[0001] The invention relates to an ultrasonic scanning apparatus comprising :
a rotor having a positive magnetic susceptibility, said rotor being arranged to rotate
about an axis of rotation;
an ultrasonic transducer mounted on the rotor;
a first electromagnetic stator arranged on the first side of the axis of rotation;
a second electromagnetic stator arranged on the second side of the axis of rotation;
and
means for alternately energizing the first and second electromagnetic stators to cause
the rotor to oscillate about the axis of rotation.
[0002] This type of apparatus is known e.g. from US-A-4 092 867.
[0003] In ultrasonic "A-scanners", an ultrasonic transducer generates an acoustic pressure
signal and projects the signal in a straight line through a body. The projected signal
is scattered along its path of propagation, and as a result generates an echo acoustic
pressure signal. The echo pressure signal contains information regarding the nature
of the body along the path of propagation. The ultrasonic transducer receives the
echo pressure signal, and converts it into an electrical signal.

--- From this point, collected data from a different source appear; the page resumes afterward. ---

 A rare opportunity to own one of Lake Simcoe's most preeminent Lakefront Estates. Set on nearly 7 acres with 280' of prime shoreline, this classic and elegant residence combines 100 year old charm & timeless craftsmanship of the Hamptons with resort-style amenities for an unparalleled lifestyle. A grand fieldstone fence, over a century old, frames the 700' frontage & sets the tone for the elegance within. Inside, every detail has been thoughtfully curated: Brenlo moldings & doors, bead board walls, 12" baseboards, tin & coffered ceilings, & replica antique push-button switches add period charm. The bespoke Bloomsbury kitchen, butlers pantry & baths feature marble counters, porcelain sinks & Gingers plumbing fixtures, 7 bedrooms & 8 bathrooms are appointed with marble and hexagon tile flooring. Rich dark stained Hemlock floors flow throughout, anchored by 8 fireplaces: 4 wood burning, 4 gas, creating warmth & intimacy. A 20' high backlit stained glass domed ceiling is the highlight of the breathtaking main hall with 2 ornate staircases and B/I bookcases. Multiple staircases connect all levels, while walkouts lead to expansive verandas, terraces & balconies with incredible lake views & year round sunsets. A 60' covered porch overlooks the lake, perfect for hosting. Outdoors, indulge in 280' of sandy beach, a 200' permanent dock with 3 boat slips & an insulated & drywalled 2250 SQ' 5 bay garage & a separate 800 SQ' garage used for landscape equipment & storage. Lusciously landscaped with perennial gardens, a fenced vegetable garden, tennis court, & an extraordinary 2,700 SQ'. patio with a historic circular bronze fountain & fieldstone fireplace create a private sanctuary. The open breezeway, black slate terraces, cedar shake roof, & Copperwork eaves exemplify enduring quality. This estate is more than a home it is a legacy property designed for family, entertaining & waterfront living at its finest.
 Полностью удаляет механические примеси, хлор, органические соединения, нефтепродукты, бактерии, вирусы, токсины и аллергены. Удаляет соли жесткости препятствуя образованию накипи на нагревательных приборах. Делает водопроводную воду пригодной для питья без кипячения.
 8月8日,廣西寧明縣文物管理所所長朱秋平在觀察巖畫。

[0004] A two-dimensional image of a cross-section through the body is obtained in an ultrasonic
"A-scanner", by pivoting the ultrasonic transducer through a selected angular range
in order to scan the cross-sectional layer. Each electrical echo signal represents
an image of a line in the layer; all the electrical echo signals together represent
an image of a pie-shaped cross-sectional layer of the body. By suitable processing
of the electrical echo signals, an image of the layer can be displayed on, for example,
a cathode ray tube screen.
[0005] It is an object of the invention to provide a device for pivoting an ultrasonic transducer
over a selected angular range to scan a layer of a body.

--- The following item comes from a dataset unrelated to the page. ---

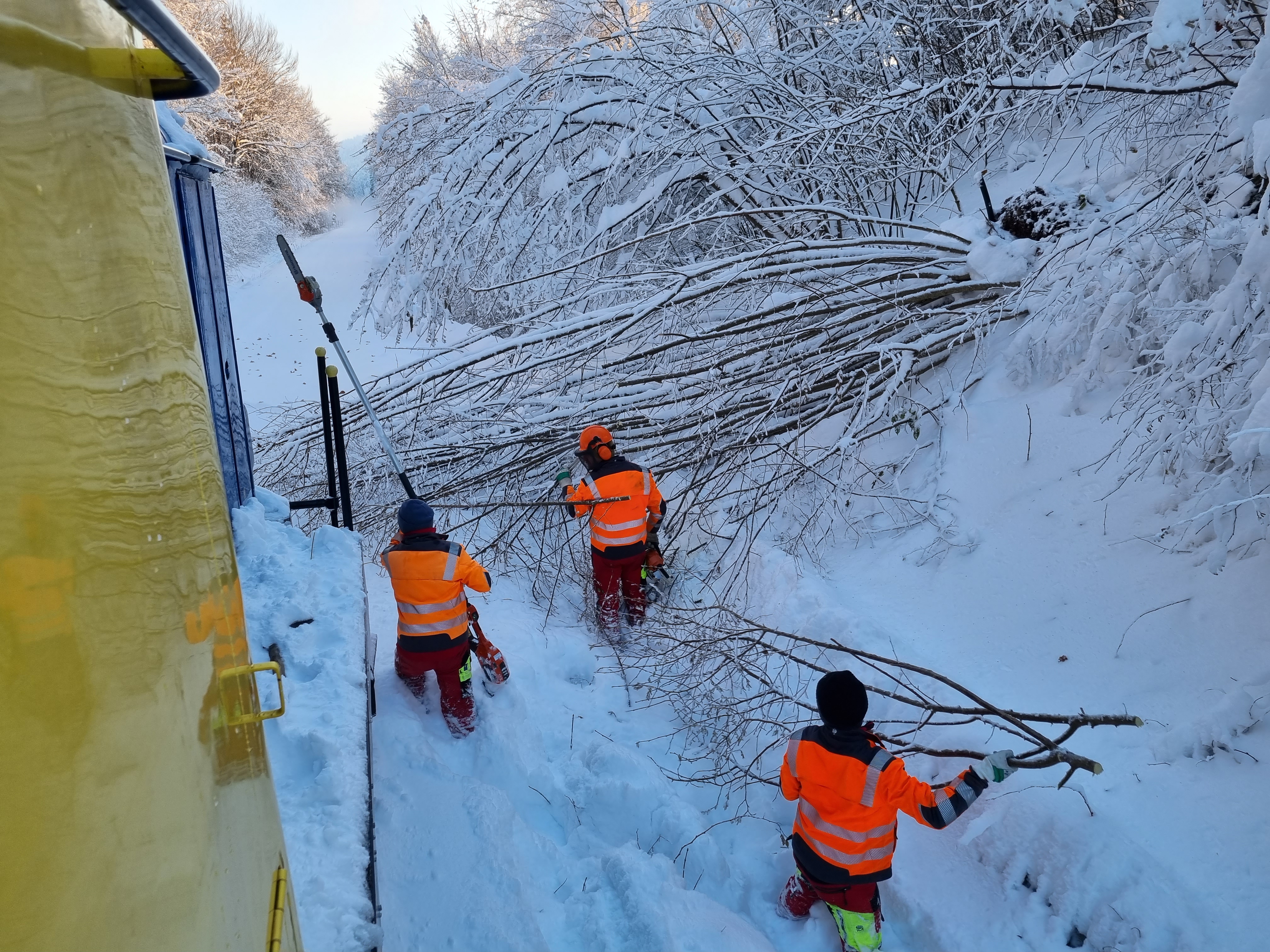 Aufräumarbeiten nach Schneefällen: Deutsches Eck ab sofort wieder für Zugverkehr frei

[0006] It is another object of the invention to provide a device for oscillating an ultrasonic
transducer back and forth over a selected angular range to continuously scan a layer
of a body.
[0007] It is a further object of the invention to provide a device for generating an angular
position signal representing the angular position of an oscillating ultrasonic transducer.
[0008] It is another object of the invention to use the angular position signal in a closed-loop
feedback system for controlling the angular position of the ultrasonic transducer
as a function of time.
[0009] According to the invention, an ultrasonic scanning apparatus is characterized in
that
a. the rotor has first and second pole faces on a first side of the axis of the rotation,
said rotor having third and fourth pole faces on a second side of the axis of the
rotation opposite the first side, said pole faces oriented away from the axis of the
rotation;
b. the first stator has two curved pole faces arranged opposite the first and second
rotor pole faces and separated therefrom by gaps, said first stator pole faces being
tapered such that on rotation of the rotor in a first direction from a first position
to a second position, the gaps between the first stator pole faces and the first and
second rotor pole faces decrease, said first stator and said rotor forming a first
magnetic circuit whose major reluctance is in the gaps;
c. the second stator has two curved pole faces arranged opposite the third and fourth
rotor pole faces and separated therefrom by gaps, said second stator pole faces being
tapered such that on rotation of the rotor in a second direction, opposite the first
direction, from the second position to the first position, the gaps between the second
stator pole faces and the third and fourth rotor pole faces decrease, said second
stator and said rotor forming a second magnetic circuit whose major reluctance is
in the gaps.
[0010] Preferably, the means for energizing the electromagnetic stator comprises means for
generating an angular position signal representing the actual angular position of
the rotor around the axis of rotation. The energization means further includes means
for generating a reference signal representing the desired angular position of the
rotor as a function of time. Control means alternately energizes the first and second
electromagnetic stators in response to the difference between the angular position
signal and the reference signal.
[0011] The angular position signal may be generated, according to the invention, by means
for measuring the reluctance of at least one magnetic circuit. Since the gap between
the pole faces varies as a function of the angular position, the reluctance of the
magnetic circuit will also vary as a function of the angular position.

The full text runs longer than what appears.